How to have your candy and eat it too

Since the dawn of the new millennium, when studies first identified a powerful antioxidant in chocolate, news media have overflowed with stories on the candy’s nutritional benefits. Chocolate’s flavonoids reduce cholesterol and unclog blood vessels—which is especially sweet for positive people, many of whom have heart problems.

POZ offers the perfect Valentine: a roundup of the tastiest, most beneficial bars, selected by HIV nutritionist Juliet Johnson of Washington, DC’s Food & Friends. “Choose chocolate with 70% or more cocoa,” she suggests, explaining that dark and semisweet pack more flavonoids than milk chocolate (which also has more creamy, fatty additives). Generally, she adds, the less processing (which reduces flavonoids) the better; avoid bars processed with alkali; and don’t exceed a one-ounce serving daily.     

  • Endangered Species Extreme Dark Chocolate (88% cocoa, 100 calories, 10 g fat per oz, $2.75; www.chocolatebar.com) Ease dietary and social guilt in one bite: 10% of net profits go to conservation groups.  
  • Vere Dark Chocolate (75% cocoa, 80 calories, 3.5 g fat per oz, $3; www.veregoods.com) These bars preserve cocoa’s health benefits with a short fermentation cycle and no sugar alcohols.
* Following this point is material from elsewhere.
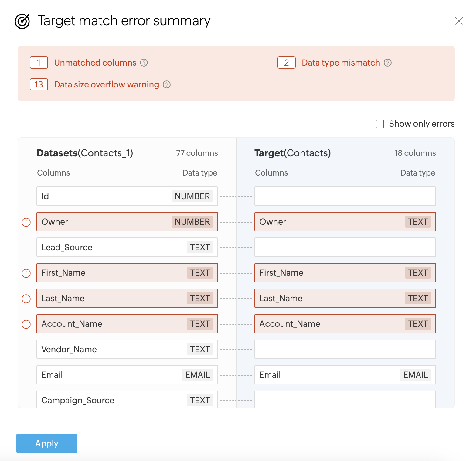 2. 概要を表示リンクをクリックすると、ターゲット照合エラーの概要が表示されます。概要では、さまざまなモデル照合エラーと、それぞれのエラーに関連付けられた列の数が示されます。必須エラー列をクリックし、適用をクリックして特定のエラー列だけをフィルターすることもできます。

Vere good.
  • Green & Black’s Dark chocolate (70% cocoa, 150 calories, 11 g fat per oz, $3.69; www.greenandblacks.com) There’s a reason it’s sold in health food stores: This treat contains organic raw cane sugar along with all that cocoa.
  • Scharffen Berger Unsweetened dark 9.7 oz Baking bar (99% cocoa, 190 calories, 15 g fat per oz, $11; www.scharffenberger.com) Minimal processing preserves the cooking benefits. You can even snack on bits (but you have to break them off with a hammer).
  • CocoaVia Original Dark Chocolate (100 calories, 8 g fat per oz, $4.99 per box of five; www.cocoavia.com ) The cocoa content is unlisted, but each bar’s 100 mg of flavonoids spell health. And it’s still candy.
  • Ghirardelli Chocolate Intense Dark Twilight Delight (72% cocoa, 150 calories, 12 g fat per oz, $2.99; www.ghirardelli.com) Worried about leaving your heart in San Francisco? Try this bar, toting as much cocoa as the Bay has fog.
  • Toblerone Swiss Milk Chocolate With Honey and Almond Nougat (180 calories, 8 g fat per oz, $1.99; www.toblerone.com) What if you just crave milk chocolate? Toblerone isn’t processed with alkali, so it retains some antioxidants. Johnson says bite in “as an occasional treat”—our kind of treatment.